Quick answer: Regiomontanus was the Latin name of Johannes Mueller von Koenigsberg (1436 to 1476), a German astronomer, astrologer and mathematician. He compiled printed planetary tables that gave the horoscope reliable numbers, and he lent his name to a house system that was widely used across the Renaissance. Modern astrology software still lists Regiomontanus as a house-system option.

Few figures sit so squarely on the line between astronomy and astrology as Regiomontanus. In an age when the two studies were a single craft, he supplied much of the precise machinery that astrologers needed: accurate tables of planetary positions and a careful method for dividing the chart into houses. His work helped turn the casting of a horoscope from rough estimate into something closer to calculation.
Who Regiomontanus was
Johannes Mueller was born in 1436 in the town of Koenigsberg, and his Latin name simply means "of Koenigsberg." He studied in Vienna under Georg von Peuerbach, one of the leading astronomers of the day, and proved a gifted pupil. The pairing of teacher and student would shape the next century of European astronomy and astrology alike.
When Peuerbach died, Regiomontanus completed his master's unfinished project, the Epitome of the Almagest. This was an influential condensed version of Ptolemy's great astronomical work, and it made the older Greek system far easier for later readers to study and apply.
The Ephemerides and the printed sky
In 1474 Regiomontanus issued his Ephemerides, tables giving daily planetary positions for the years 1475 to 1506. For the first time a practitioner could look up where the planets stood on a given day without grinding through the calculations by hand. These tables were valued well beyond astrology.
Navigators used such tables to find their position at sea, and Christopher Columbus is said to have carried them. The famous story has Columbus using the figures to predict a lunar eclipse in 1504, a feat that reportedly impressed those who witnessed it. The same numbers that guided ships also underwrote the horoscope.
A house system that bears his name
The Regiomontanus house system is the part of his legacy most familiar to astrologers today. It divides the houses by cutting the celestial equator into twelve equal arcs and projecting those divisions onto the ecliptic, the path the Sun appears to follow through the year.
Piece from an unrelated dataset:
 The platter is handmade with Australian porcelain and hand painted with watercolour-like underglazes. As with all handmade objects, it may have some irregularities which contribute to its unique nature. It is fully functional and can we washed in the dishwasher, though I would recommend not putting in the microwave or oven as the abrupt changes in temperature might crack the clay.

This method became one of the most widely used house systems of the Renaissance, before the later rise of the Placidus system shifted fashion. If you cast a free birth chart with modern software, Regiomontanus is usually offered in the same menu as Placidus and the rest, a quiet survival of his fifteenth-century work.
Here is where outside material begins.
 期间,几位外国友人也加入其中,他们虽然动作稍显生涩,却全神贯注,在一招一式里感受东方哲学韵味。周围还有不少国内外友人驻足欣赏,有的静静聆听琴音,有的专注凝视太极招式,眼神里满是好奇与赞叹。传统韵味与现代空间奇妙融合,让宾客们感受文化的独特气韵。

Tables, presses and directions
Regiomontanus did not stop at the ephemerides. He also produced the Tabulae Directionum, tables used for the astrological technique of directions, a method for timing events by advancing chart points through the houses. These tables gave the technique a firmer numerical footing.
In 1471 he set up a printing press in Nuremberg specifically to publish accurate astronomical and astrological texts. The choice was deliberate: a single error copied by hand could ruin a table, and print offered a way to spread reliable figures widely. For more on the people and ideas behind classical practice, see our blog.
His final years
In 1476 Regiomontanus was summoned to Rome to advise on reforming the calendar, a problem that would occupy Europe for another century. He died there the same year, at the age of forty. The cause of his death is uncertain, and accounts from the period do not agree.
He left behind tables, books and a method that outlived him by centuries. By putting precise, reproducible numbers under the casting of a horoscope, Regiomontanus helped fix the standard that later astrologers would build upon.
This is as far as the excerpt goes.